It was early morning. It was that tingly cold that makes you put on your warmest slippers and flannel robe. As I headed downstairs I cursed my attraction to century farmhouses. Although we tried mightily to seal old glass windows and run heating vents through almost petrified wood beams, the upstairs was always chilly and even more so in late November with an early cold spell bringing snow and wind to upstate Ohio.
On the way to the kitchen I turned up the thermostat several notches. I turned on the kitchen light and the golden tones of the wooden cabinets and floors glowed. The double window over the kitchen sink reflected a light glittering of snow dusted pink, rose and gold from the first rays of the Eastern sun. The gnarled ancient apple tree branches silhouetted against the pale lavender morning sky cast their charm over me as they always did. The pilot light on my old white enamel stove was out again but I struck a match and the burner glowed warm in the still chilly kitchen. I checked that the oven pilot light was working and turned that on as well. In deference to the early hour I had left my cast iron skillet, biggest roasting pan and a basket of onions out on the counter the night before.
The refrigerator supplied the butter, celery and a fat turkey ready to be stuffed. Very soon chopped onion and celery were simmering away in butter and their savory scents perfumed the kitchen air. This was the smell of every Thanksgiving past in our family. It was the same scent I anticipated each year when my parent rose at dawn to begin the preparation of our childhood feasts. I can remember laying in my cozy bed and smelling Thanksgiving as it drifted through the house. I hoped my children were having those same feelings on this day.

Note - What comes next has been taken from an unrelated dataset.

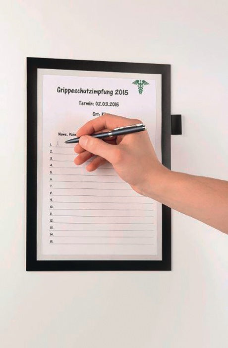 selbstklebend · Format DIN A4 · magnetische Vorderseite für schnelles und bequemes Wechseln von Informationen · direktes Beschriften des Dokumentes · Füllhöhe bis zu 5 Blatt 80g/qm · Stiftehalter für alle Stifte mit Befestigungsclip · haftet dauerhaft auf allen glatten Oberflächen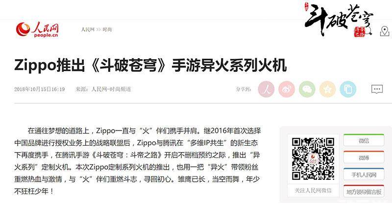 创意设计赛事登陆人民网 《斗破苍穹手游》X Zippo设计大赛完美落幕

My huge yellow-ware bowl, used only for preparing food in massive quantities, easily held all my bread crumbs, bread cubes and spices - pungent sage and coarse black pepper, the coarse glisten of the kosher salt, the soft, enticing smell of the marjoram. All of the scents combined in that big yellow bowl…ahhh, the fragrance of memories. Soon the onions and celery were tender and the chicken broth warmed and the dressing became moist and aromatic with their addition.
The kitchen had become warm and wonderful and soon the stuffed turkey was in for its long roasting time. The extra stuffing was in its buttered casserole with a scoop saved out inside my little pink stoneware bowl. Now it was time to make some coffee and then to start the dinner roll dough rising, time to make the pie crust dough so it could chill for several hours, time to start chopping vegetables…
But first… a fresh cup of coffee and cream and a small pink bowl filled with stuffing needed to be eaten in front of the big windows overlooking the apple trees and the rosy morning glow of the sky. The house was quiet, the wooly throw was warm on my lap, my children were safely asleep upstairs.
Later the house would fill with relatives and laughter and teasing and conversation. Pies, mashed potatoes, the magnificent turkey, the flavorful stuffing, the yeasty warm dinner rolls, and the homemade jellies glistening like jewels would fill the table.
But for now, my coffee was perfect, the stuffing was savory, memories of all the Thanksgivings that had come before warmed my mind and this moment and this magic was my Thanksgiving.